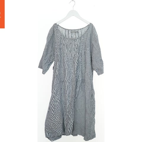 Kjole med ærmeløs design og et bymotiv trykt over det meste af stoffet. Nederdelen har et geometrisk mønster i sort, blå og hvid farver nederst.
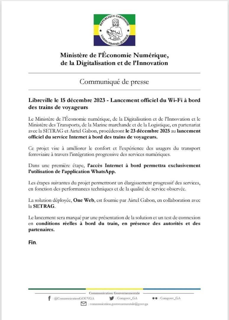 L’annonce a été faite ce lundi 15 décembre par le ministère de l’Économie numérique, de la Digitalisation et de l’Innovation, en collaboration avec le ministère des Transports, de la Marine marchande et de la Logistique, la Société d’exploitation du Transgabonais (SETRAG) et Airtel Gabon.
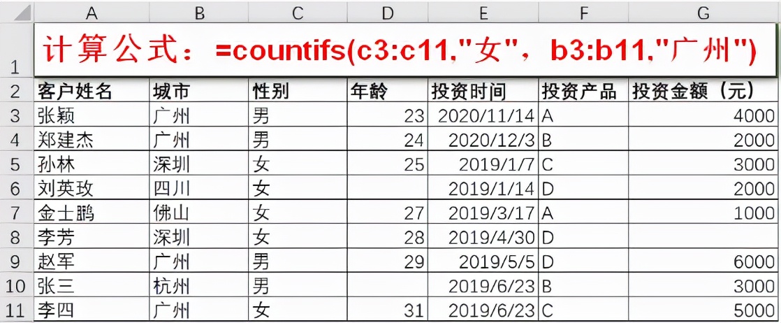 计算公式:=countifs(c3:c11,”女”,b3:b11,”广州”)
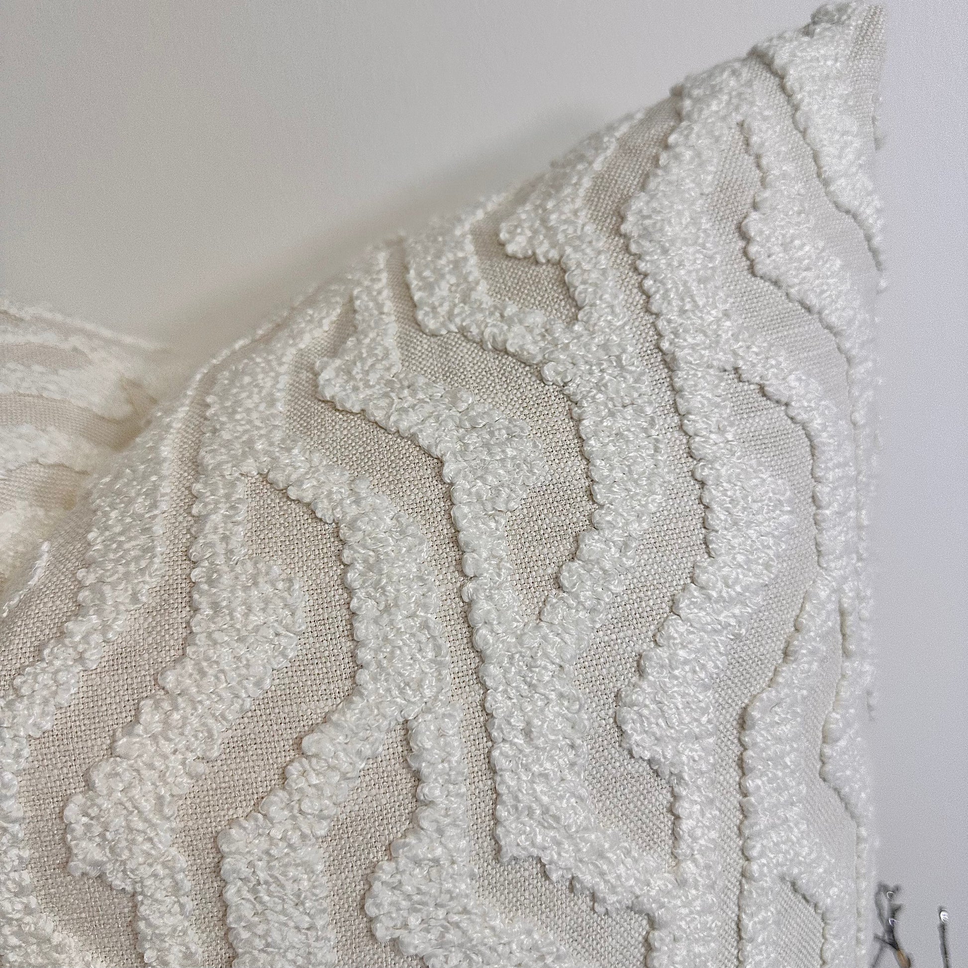 This ivory luxury boucle cushion incorporates a beautiful textured finish. On a beautiful linen fabric, its stunning ivory colour and structure really emphasises its depth with the sumptuous texture running through.

What the exercise asks: What you return should be all of the material above, exactly, and none of its pictures.

Problem solution:
 Kjole med ærmeløs design og et bymotiv trykt over det meste af stoffet. Nederdelen har et geometrisk mønster i sort, blå og hvid farver nederst.
 L’annonce a été faite ce lundi 15 décembre par le ministère de l’Économie numérique, de la Digitalisation et de l’Innovation, en collaboration avec le ministère des Transports, de la Marine marchande et de la Logistique, la Société d’exploitation du Transgabonais (SETRAG) et Airtel Gabon.
 计算公式:=countifs(c3:c11,”女”,b3:b11,”广州”)
 This ivory luxury boucle cushion incorporates a beautiful textured finish. On a beautiful linen fabric, its stunning ivory colour and structure really emphasises its depth with the sumptuous texture running through.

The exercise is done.